Methods/Statistics
Statistical inference and effect measures in abstracts of major HIV and AIDS journals, 1987-2022: A systematic review Andreas Stang* Andreas Stang Henning Schäfer Ahmad Idrissi-Yaghir Christoph M. Friedrich Matthew P. Fox
Introduction: With the emergence of HIV/AIDS journals, the development of the reporting of statistical inference and effect measures in published abstracts can be examined from the beginning in a new field. The aim of this study was to describe time trends of statistical inference and effect measure reporting in major HIV/AIDS journals.
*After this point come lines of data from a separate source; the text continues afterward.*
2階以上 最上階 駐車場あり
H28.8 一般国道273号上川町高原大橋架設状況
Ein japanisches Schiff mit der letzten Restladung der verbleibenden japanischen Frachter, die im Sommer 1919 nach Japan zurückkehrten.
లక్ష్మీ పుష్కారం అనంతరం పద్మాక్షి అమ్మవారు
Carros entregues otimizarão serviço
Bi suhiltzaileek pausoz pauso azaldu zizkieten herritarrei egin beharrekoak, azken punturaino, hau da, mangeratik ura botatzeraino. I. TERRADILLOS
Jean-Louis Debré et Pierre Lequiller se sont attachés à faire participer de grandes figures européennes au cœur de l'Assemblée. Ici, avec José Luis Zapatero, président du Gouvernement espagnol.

Methods: We included 10 major HIV/AIDS journals as ranked by the journal citation report in 2022 and analyzed all available PubMed entries for the period 1987 through 2022. We applied rule-based text mining and machine learning methodology to detect the presence of confidence intervals, numerical p-values or comparisons of p-values with thresholds, language describing statistical significance, and effect measures for dichotomous outcomes.
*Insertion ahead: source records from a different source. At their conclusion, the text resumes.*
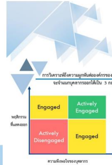
ผลคะแนนความผูกพันของพนักงาน ลูกจ้าง ทอท. ประจำปี 2565
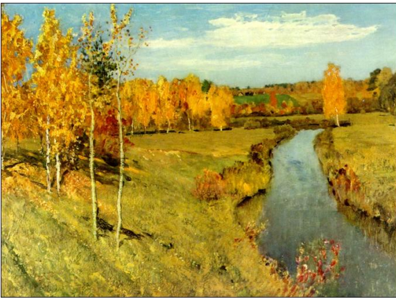
І.Левітан «Золота осінь»
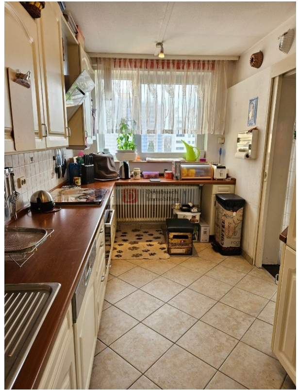
Küche Bild 2
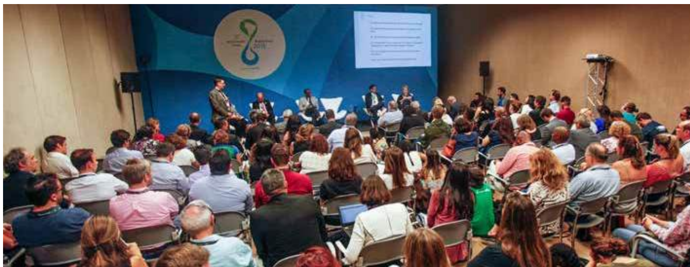
Сессия высокого уровня «Увязка водных проблем и изменения климата» прошла с аншлагом, 19 марта

Климат был одной из девяти основных тем 8-го Всемирного водного форума. Вдобавок, на сессии высокого уровня по климату было подчеркнуто, что «вода является общим знаменателем, как для проблем, так и решений по созданию устойчивых систем».

Results: Among 41,730 PubMed entries from the major HIV/AIDS journals (AIDS, AIDS Behav, AIDS Patient Care STDS, AIDS Res Ther, Curr HIV/AIDS Rep, Current Opin HIV AIDS, HIV Med, J Acquir Immune Deifc Syndr, J Int AIDS Soc, Lancet HIV), 31,665 contained an abstract. In the early years, most abstracts reporting statistical inference contained only significance terminology without confidence intervals and p-values. From 1988 to 2005, each year 30% of all abstracts contained p-values without confidence intervals. Thereafter, this reporting style continued to decline. The reporting of confidence intervals increased steadily from 1988 (11%) to 2022 (56%). Of the 17% of abstracts in 2017-2022 that included any effect measure, half reported odds ratios (51%), followed by hazard ratios (28%) and risk ratios (16%). Difference measures and number needed to treat or harm were very uncommon.
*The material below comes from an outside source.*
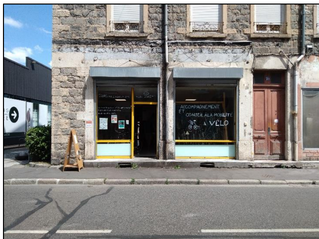
Un atelier de bord de route
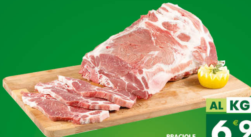
BRACIOLE DI SUINO

Discussion: Within the HIV/AIDS literature, there has been widespread use of confidence intervals. Most of the journals that we reviewed had a decrease in reporting only statistical significance without confidence intervals over time. The distribution of p-values shows little indication of p-hacking and this distribution looks very similar to the p-value distribution in the entire PubMed database. The HIV literature appears to more rely on confidence intervals than the previously reviewed literature.